Het is winter en nacht. In de straat is het doodstil. Een lantaarn is aan en verlicht met zijn gele licht de stoep en de gevels. De lantaarn kijkt naar de stoep en de straat en de gevels die hij al zo vaak gezien heeft. Wat heeft het voor zin maar te blijven schijnen, zegt hij bij zichzelf, waarom zou ik steeds maar naar die eeuwige gevels en stoepen en straatstenen blijven kijken! Ik heb voorlopig genoeg geschenen. En hij besluit uit te gaan. Niet lang daarna loopt iemand in het duister tegen de lantaarnpaal aan.
Een huisjesslak wandelt door de stad en vergaapt zich aan de winkels, de flats met de kleurige balkons en de dakterrastuinen met laurierboompjes en klimrozen, het natuurhistorisch museum met het uitkijktorentje, de torens met de transen en de spitsen en de windvaantjes, het oude arsenaal met de drie meter dikke bakstenen muren, en als hij er genoeg van heeft en alles gezien heeft wat hij zich had voorgenomen gaat hij naar het stadspark waar hij zich uiterst tevreden terugtrekt in zijn gerieflijke woning.
Soms zijn het appels die uit de bomen vallen, soms ook vogels. Ze schrikken van de appels die nu eens in de vijver, dan weer op het gras vallen, en dat terwijl zij het zelf zijn die de appels van de takken pikken!

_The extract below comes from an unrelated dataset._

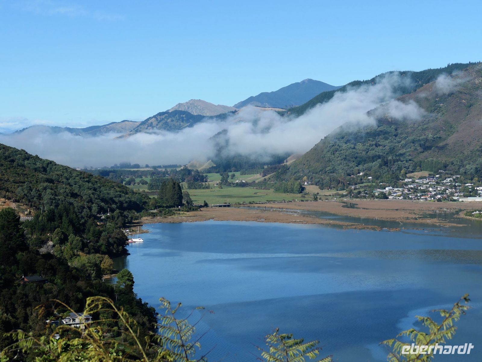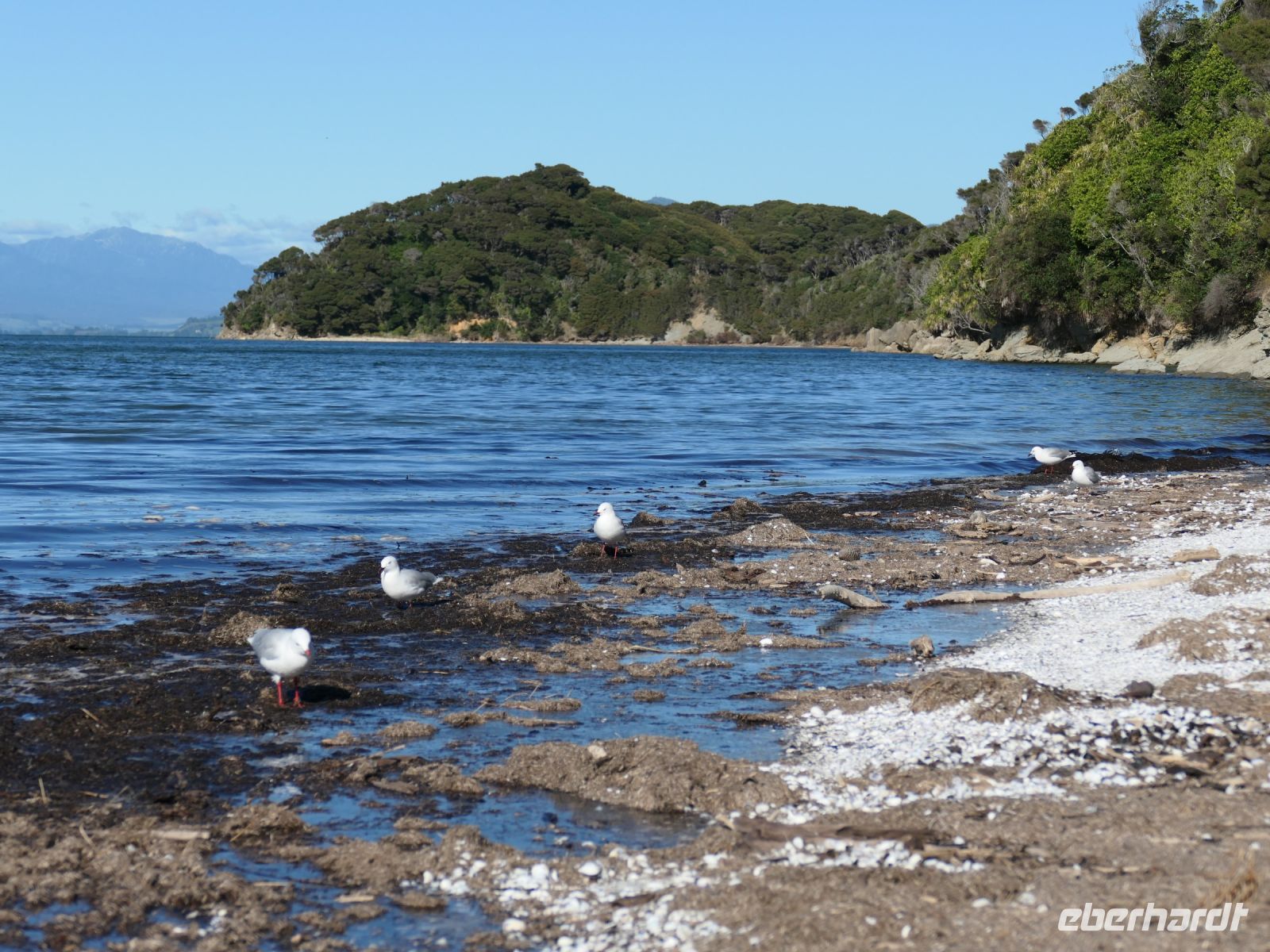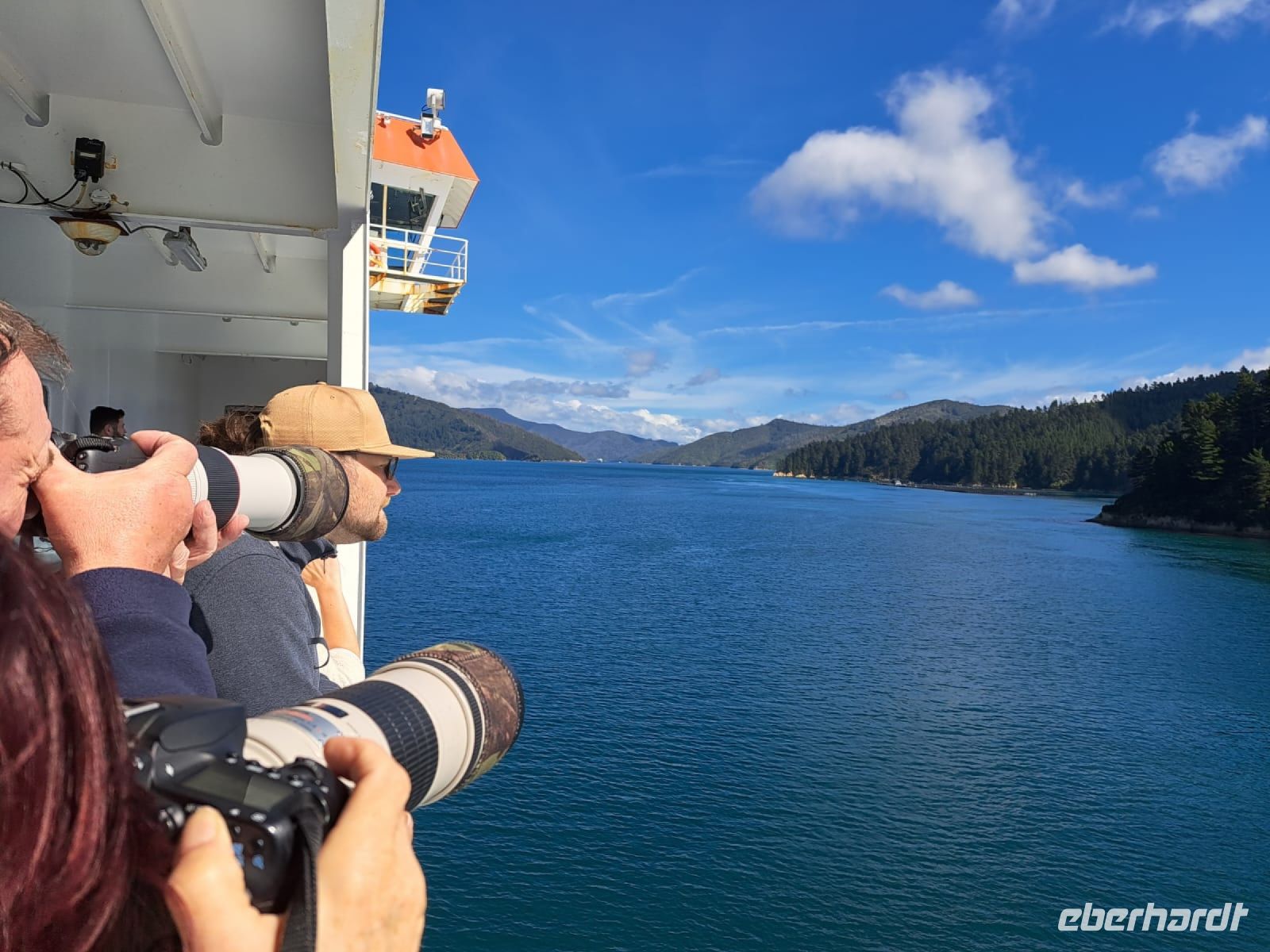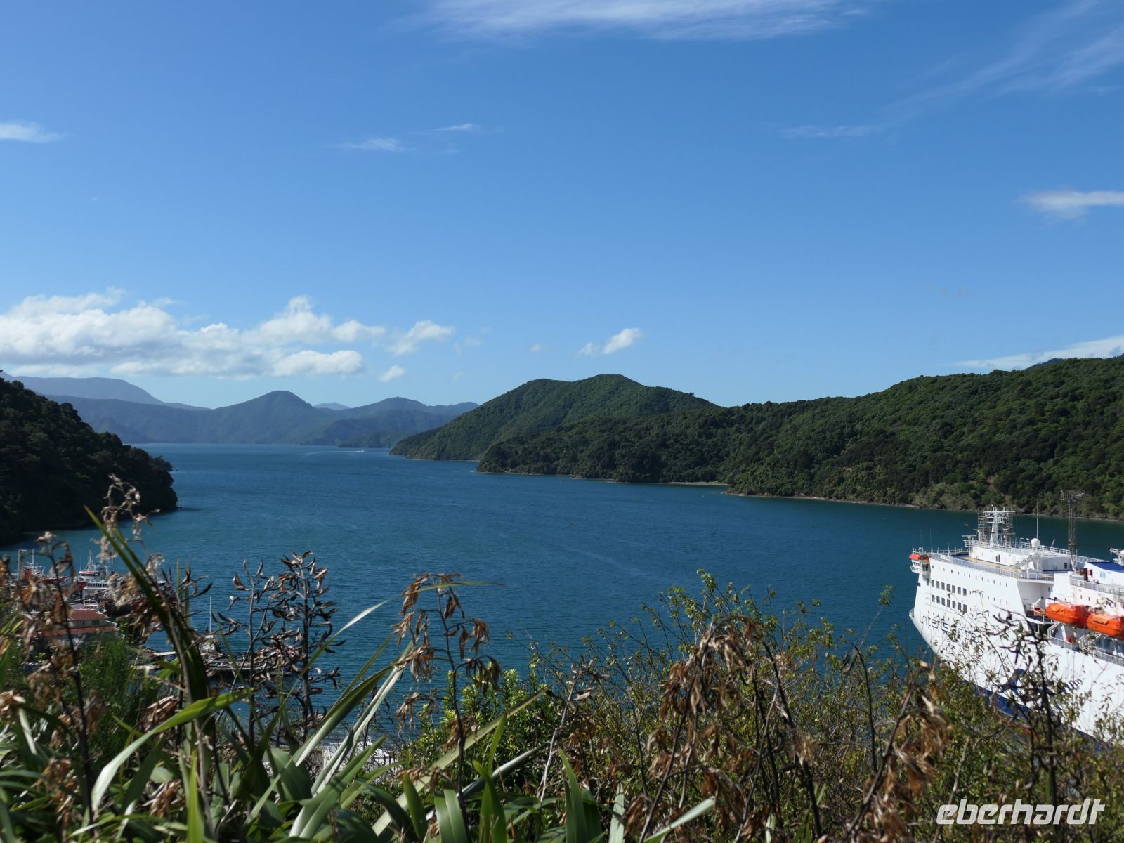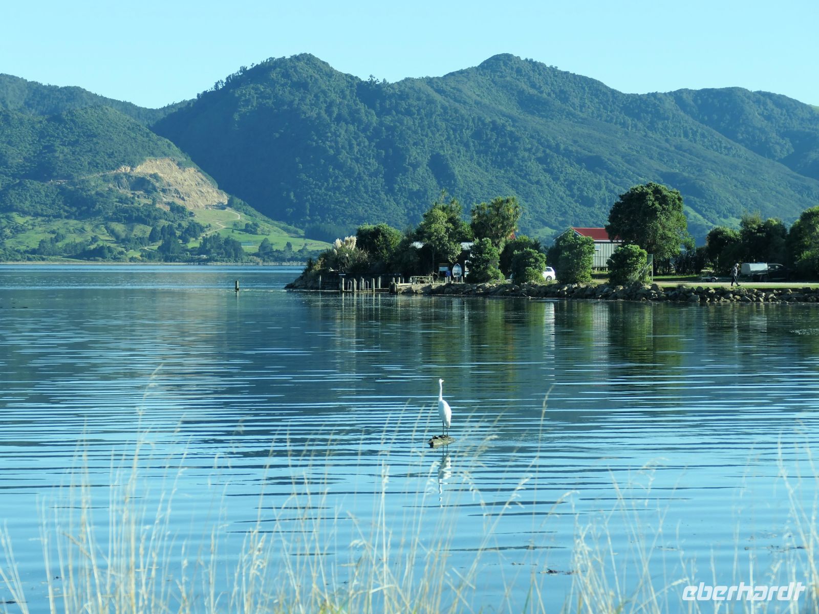 Am kühlen, aber wieder sonnigen Morgen fuhren wir zum Hafen und mussten noch einige Zeit warten, bis wir auf die Fähre rollten. Was hatten wir wieder für ein Glück mit dem Wetter! Sonnenschein und ruhige See – das perfekte Wetter für unsere Überfahrt zur Südinsel. Nach dem individuellen Frühstück auf der Fähre zog es viele auf die Außendecks, um die mehrstündige Überfahrt via Cook Street und dann durch die einmalige Landschaft der Marlborough Sounds mit Tory Channel und Queen Charlotte Sound bis nach Picton. Unsere Augen konnten sich nicht satt sehen = traumhaftes Wetter und einzigartige Kulisse. Zur Mittagszeit legte die Fähre im sonnigen Picton auf der Südinsel an. Während die Reiseroute anderer Eberhardt-Reisen gen Süden nach Kaikoura führt, schlugen wir neue Wege ein - off the beaten track. Nach einem kurzem Boxenstopp am Supermarkt fuhren wir in unserem Whaka auf dem Queen Charlotte Drive in westliche Richtung weiter. Diese Küstenstraße schlängelt sich oberhalb der Sounds entlang. Immer wieder hielten wir an und inne, um das traumhafte Panorama auf die kleinen Buchten zu genießen oder auf Fotos zu bannen. Einige Possums später erreichten wir dann unsere Oase am Kenepuru Sound – das Portage Resort, welches einsam in einer romantischen Bucht liegt. Den weiteren Nachmittag gaben wir uns den Müßiggang hin, entspannten am und im Wasser oder genossen ein Bierchen auf der Terrasse. Auch eine Wekaralle fand diesen Platz besonders schön. Ein faszinierender Sonnenuntergang läutete den gemeinsamen Abend ein.

De muis sleept zijn staart door het zand en maakt zo een dunne lijn, de olifant maakt een brede streep met zijn slurf: zo weten zij beiden de weg terug.
Eens zette ik, bij het schuurtje, de holle scheerspiegel van mijn vader in de felle zon en focuste op een spin die fel oplichtte. Zijn achterlijf spette opeens uiteen. Mijn vader zei: als we dat nou bij jou ook eens zouden doen?